Havelock Vétérini remarqua quelques enfants le nez collait à une vitrine. Ils semblaient si heureux, ils riaient et s'émerveillaient. Pour fasciner à ce point-là des enfants, il devait sûrement s'agir d'une nouvelle boutique de friandises ou de jouets. L'homme s'avança jusqu'à la devanture du magasin et vit ce qui attirait ainsi les enfants.

De petits chiots étaient placés dans des box. Des caniches jappaient, des bichons se bagarraient, des shih-tzu léchaient la vitrine, des carlins dormaient et seul dans son box, un petit terrier était assis sur son derrière et observait les enfants. Le petit chien leva les yeux et croisa le regard de l'homme qui lui fit un sourire.

Pris d'une impulsion, Havelock poussa la porte de la boutique. Il entendit aboyer, miauler, siffler et :

« C'est quoi ce con ? fit une voix haut perché.

- Tais-toi ! cria un petit homme à l'adresse d'un perroquet. Arrêtes de dire ça !

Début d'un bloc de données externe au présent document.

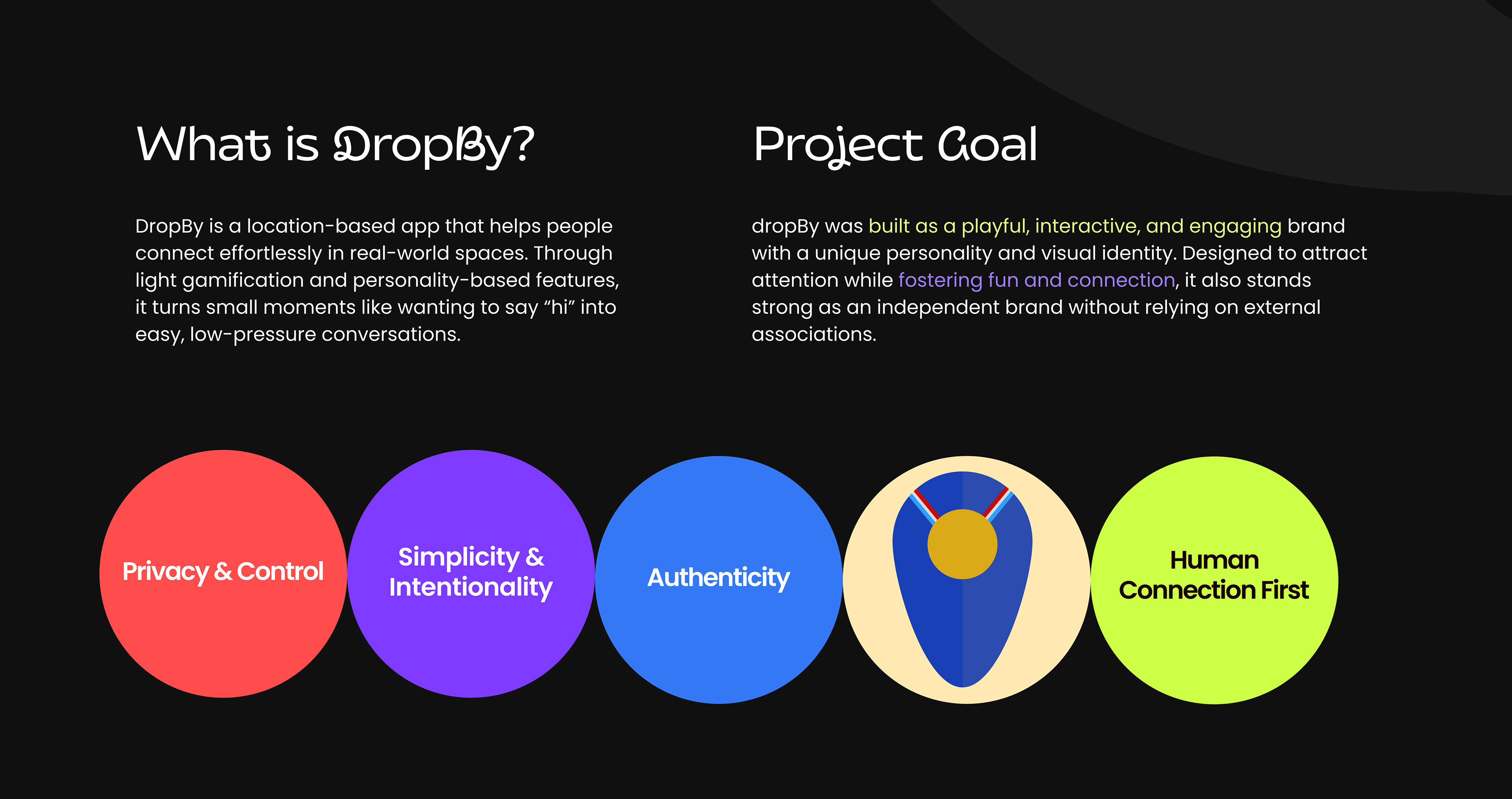 DropBy is a location-based app that helps people connect effortlessly in real-world spaces. Through light gamification and personality-based features, it turns small moments like wanting to say “hi” into easy, low-pressure conversations.
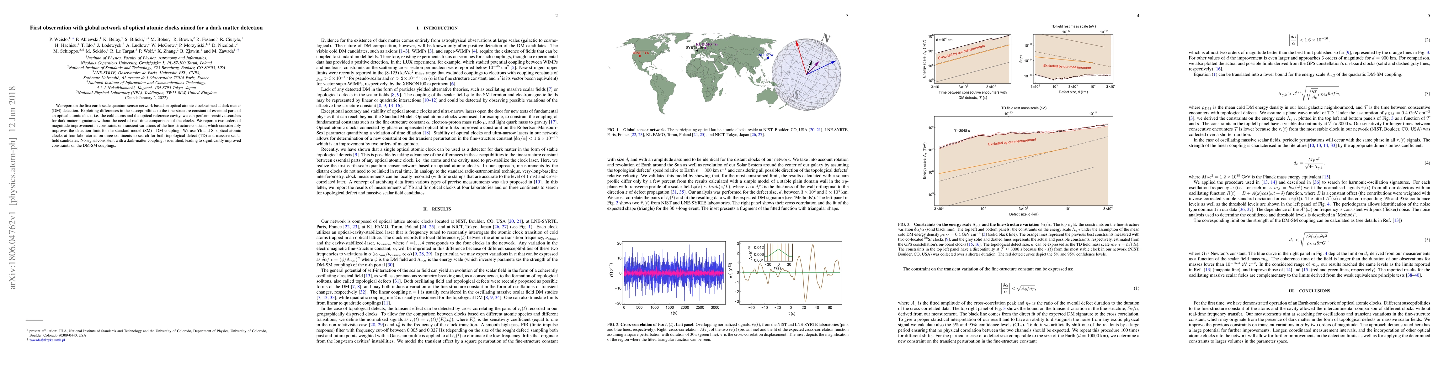 This paper reports on the first global network using optical atomic clocks for dark matter detection, achieving a two-order-magnitude improvement in constraints on fine-structure constant variations. The study uses Yb and Sr clocks across four labs to search for dark matter signatures without real-time clock comparisons, but finds no signals consistent with dark matter coupling.
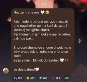 “Hey zemrat e mia,” ka thënë ajo, duke iu drejtuar ndjekësve të saj. Kjo mënyrë e komunikimit tregon se ajo është e lidhur ngushtë me ata dhe dëshiron të ndajë ndjenjat e saj në këtë moment delikat.
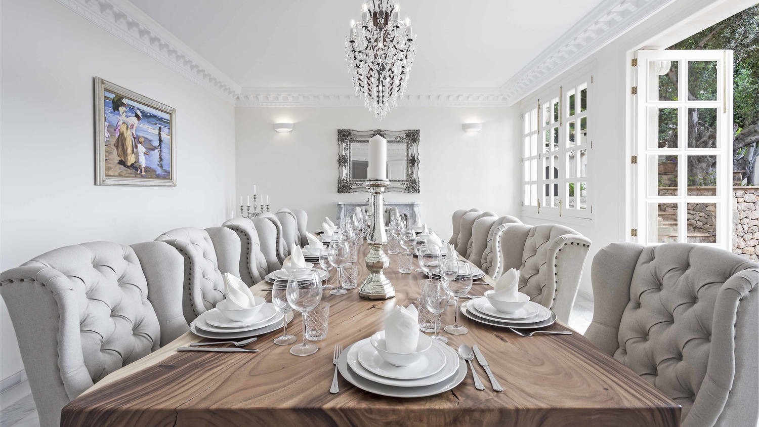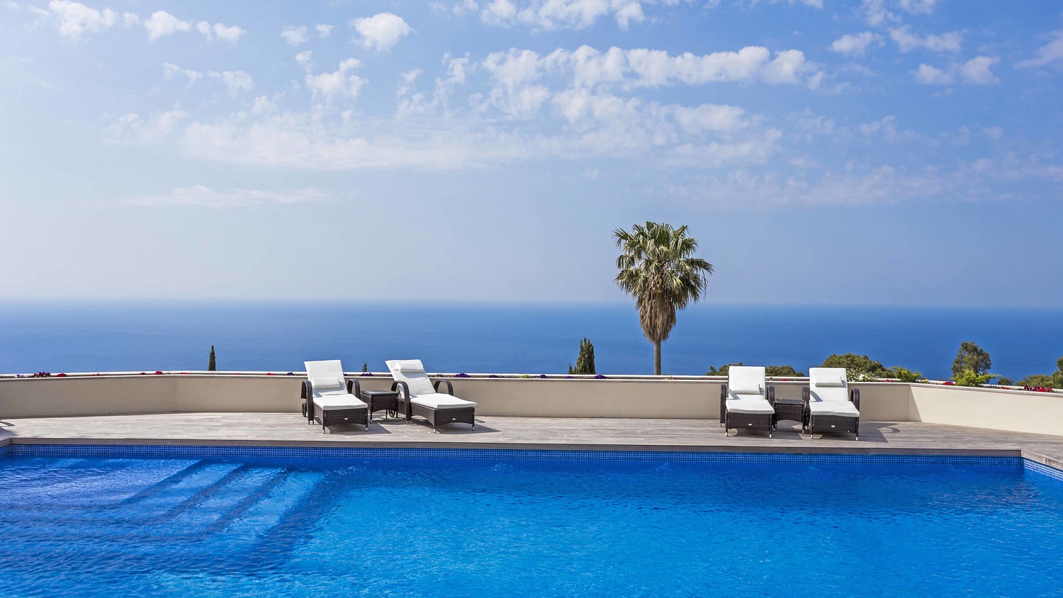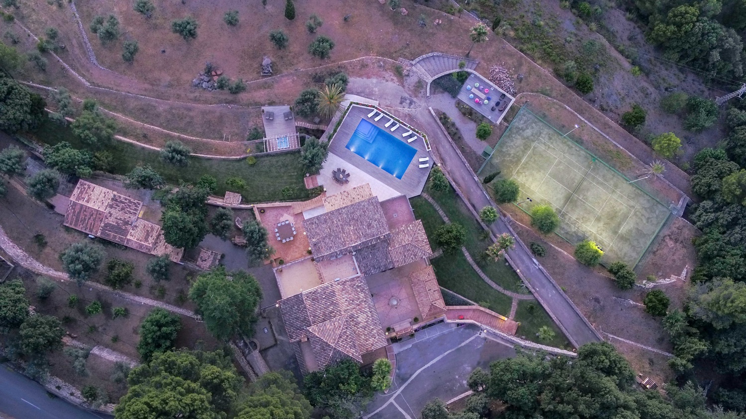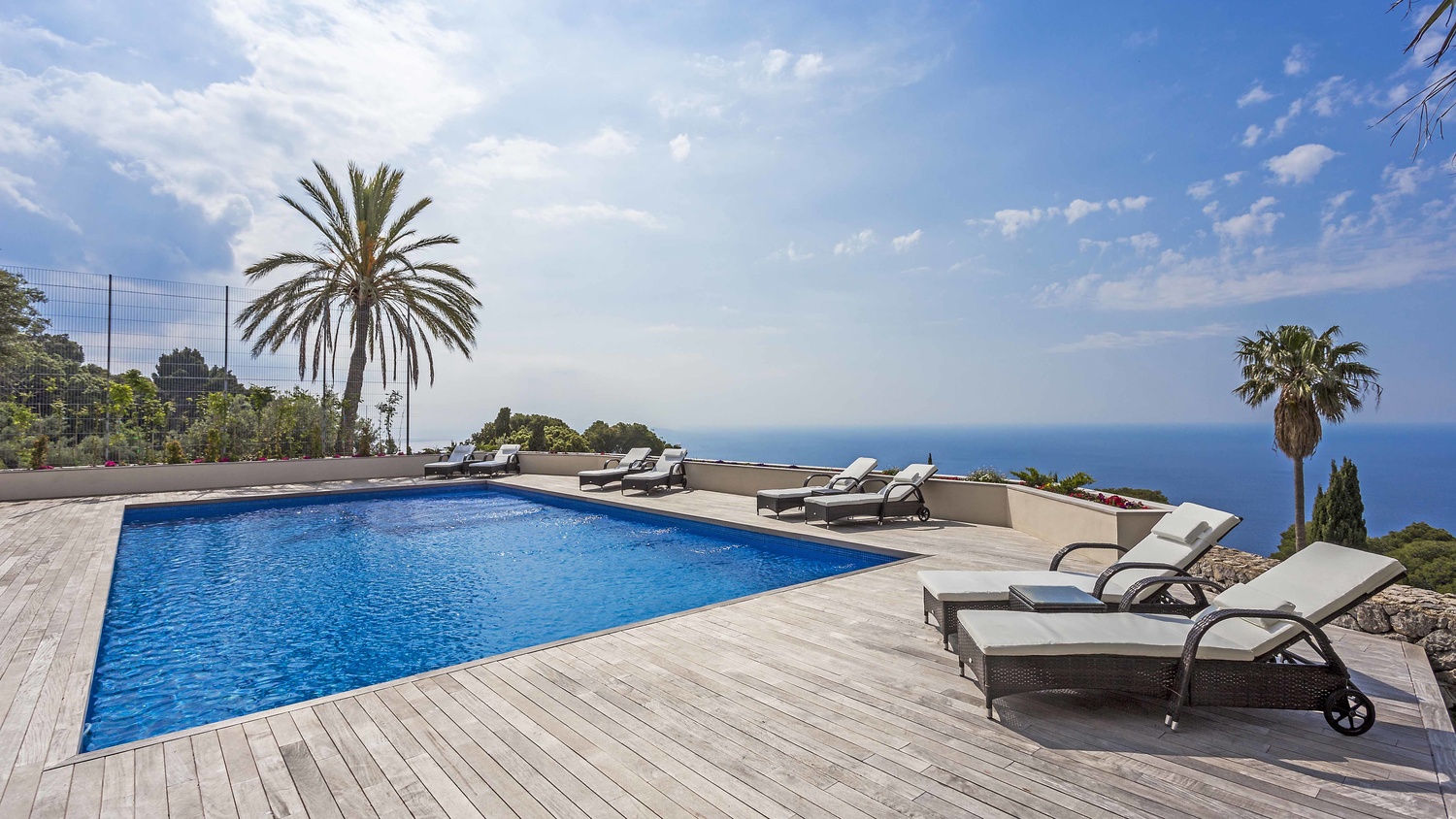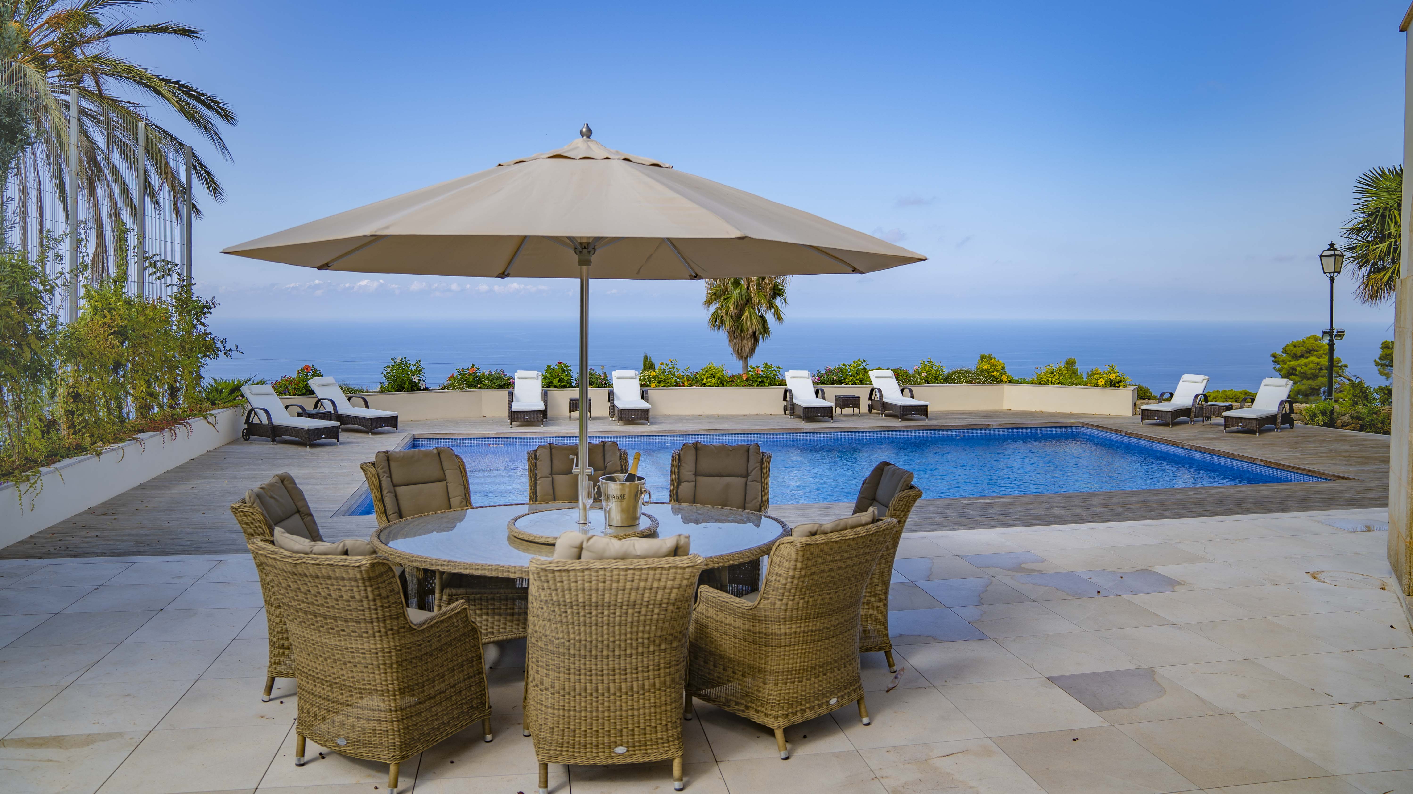 Majestically located on the west coast of Majorca in first line of the sea, this property generates a moment of astonishing silence as soon as you reach the property of more than 23.000 m2. Awe-stricken, the visitor admires the monument of architectural art in this fascinating setting. In any Hollywood classic, this set would be the star. The property invites to go for walks and the private tennis court has centre-court proportions.

- C'est quoi ce con ? répéta le perroquet en observant Havelock.

- Je suis désolé monsieur, s'excusa le marchand. Je vais renvoyer cet oiseau à mon fournisseur. Je me suis fait avoir. J'en voulais un qui dise « bonjour ! » et non… enfin, vous avez compris.

- Oui, répondit calmement le client. Je suis intéressé par un des petits chiens en vitrine. »

Havelock fit un sourire. « Quanti canicula ille in fenestra » pensa-t-il. Pour un futur patricien d'Ankh-Morpork, il était normal d'employer au moins une fois dans sa vie la devise de la ville « Combien ce petit chien en vitrine ? ».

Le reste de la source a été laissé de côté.